THE RTI MECHANISM: Issues of public interest and time duration

Right to information has been the foundational basis of all rights. The UN General Assembly declared this right during its very first session as the touchstone of all freedoms to which the UN is consecrated. The Constitution of Bangladesh guaranteed freedom of thought, conscience, speech, expression and press under Article 39 with certain restrictions. The year of 2009 was remarkable for Bangladesh to facilitate citizens with unprecedented opportunity of seeking information as of right from the concerned authority. The Right to Information Act was brought in order to implement constitutional guarantee, empower common people, increase transparency and accountability, decrease corruption and ensure good governance.

Section 4 of the Act declared the right of every citizen to get information from the 'authority' and also confers duty upon the authority to provide such information once citizens demand. This vehement declaration, although seems very empowering, has been subjected by many conditionalities which obstructed to achieve the true spirit of the right to information. The Annual Report 2016 of the Information Commission (the available latest one till date) revealed that 6,369 RTI applications have been filed in that year. The number was 6181 in 2015, 8442 in 2014, 11727 in 2013, 7808 in 2011, and astoundingly 25,410 according to the Annual Report of 2010. Total RTI application since the establishment till the end of 2016 is 82,412. Any common mind would find this downward performance of RTI mechanism as an alarming challenge for Bangladesh particularly when we are proclaiming and projecting developments before the global community. This write-up intends to quest the enhancement of the RTI mechanism.

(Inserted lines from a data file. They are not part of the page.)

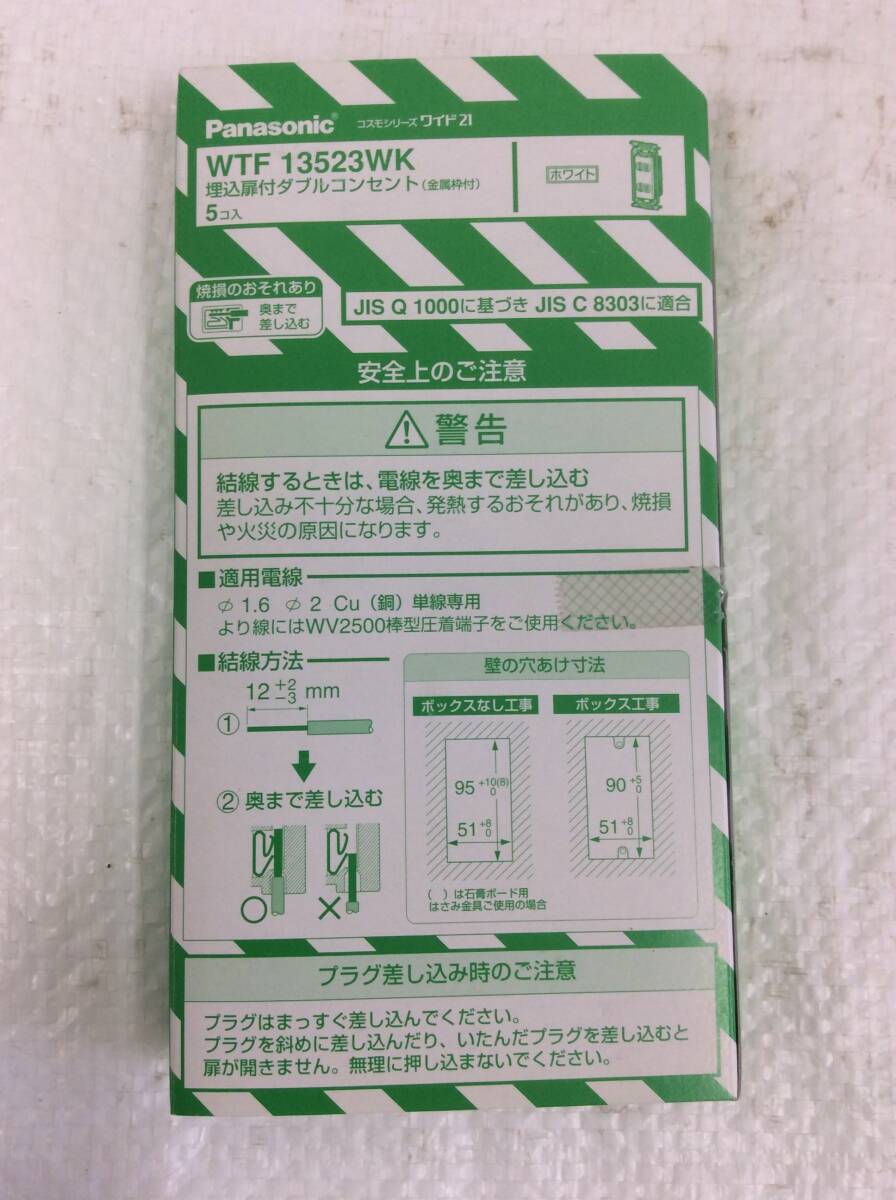 - ★Panasonic★ パナソニック WTF13523WK 埋込扉付ダブルコンセント 金属枠付 ホワイト 5個入り コスモシリーズ ワイド21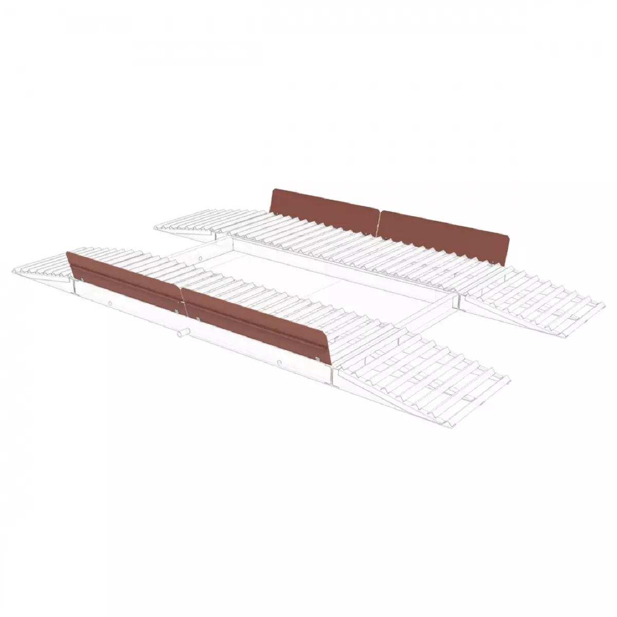 Защитный щиток для эстакады предназначен для дополнительной экономии воды в процессе мойки колес грузового автотранспорта, а также для сохранения чистоты в рабочей зоне вокруг эстакады. Он защищает оператора очистной установки от брызг и водяной пыли, при этом служит дополнительным ориентиром для водителя обслуживаемой машины при съезде-заезде на эстакаду.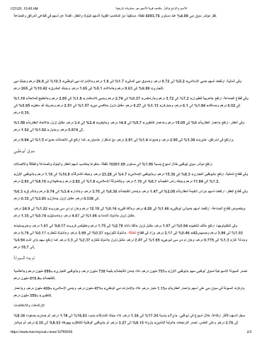 %4.94 «دﻧآ يإ» مﮭﺳ ﻊﻔﺗرا ﺎﻣﻛ .مھرد 3.3 ﻰﻟإ %2.37 «زﺎﻐﻠﻟ كوﻧدأ» لوزﻧ لﺑﺎﻘﻣ ،مھرد 2.47 ﻰﻟإ %1.65 «ﻲﺟرﯾﻧإ ﻲﺳ يد مإ نإ»و ،مھرد 0.775 ﻰﻟإ %1.3 «زﺎﻏ ﺔﻧاد»و
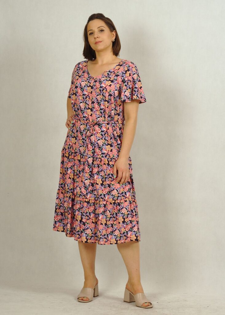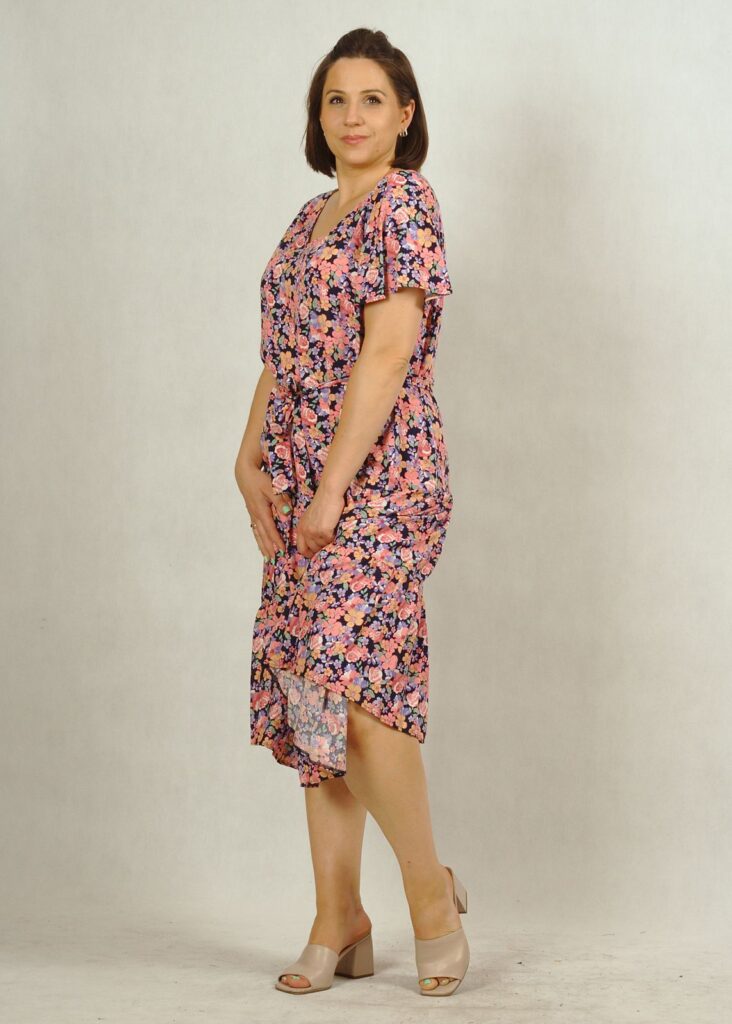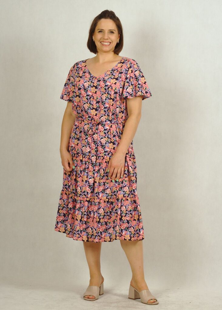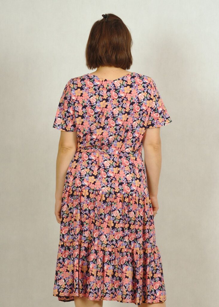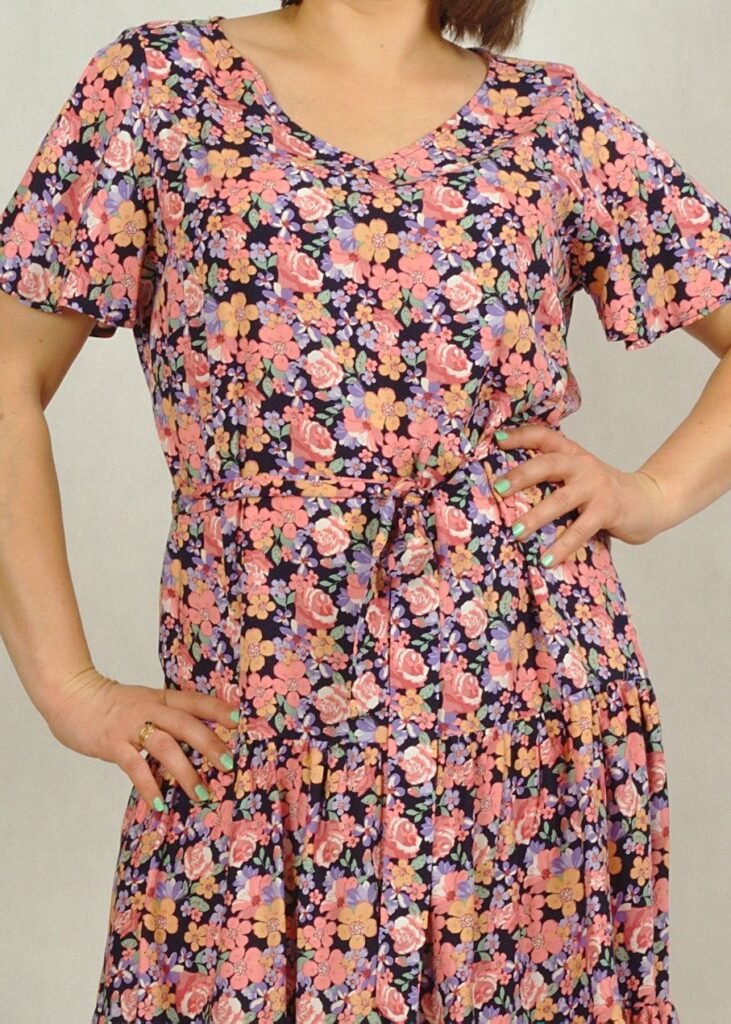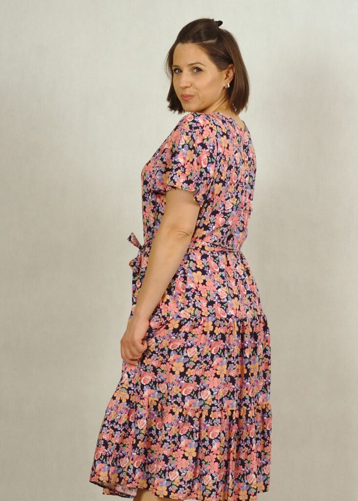 Dekolt w serek, pięknie podkreśla biust. Rękawek jest krótki, zwiewny a’la motylek, nadaje sukience lekkości.

The first and foremost reason of gradual decrease of performance anyone would find after reading the RTI Act is the longest exceptional list (twenty categories) under section 7 of the Act which do not guarantee RTI to citizens, rather it is the discretion of the authority to provide the information. Moreover, section 32 stipulated that the Act will not apply to the eight enlisted organisations and institutions mentioned in the schedule except information related to corruption and violation of human rights. Here, it is necessary to revisit the RTI-excluding list of sectors in other South Asian countries. Section 8 of the Right to Information Act 2005 of India enlisted eleven categories exempted from the purview of RTI. The Right to Information Act 2007 of Nepal enlisted five categories to be excluded from RTI. The Right to Information Act 2010 of Pakistan excluded RTI from seven different categories under section 8, 15, 16 and 18. The Act further specifically excluded the record of banking companies and financial institutions relating to the accounts of their customers under section 8(1)(a). The RTI Act of Maldives enlisted around twenty categories to be excluded from the RTI. However, the Act of Maldives guarantees RTI for everyone regardless of whether the applicant is citizen or not. Under section 76 of the said Act, legal personalities along with natural persons are entitled to exercise RTI. The Right to Information Act of Sri Lanka clearly specified in section 5 that request under the Act for information shall be refused in fourteen categories. Many South Asian countries, although categorised a list of information to be excluded from disseminating to citizens, have endorsed grounds such 'public interest' and 'time-duration' whereby citizens are entitled to access these restricted information.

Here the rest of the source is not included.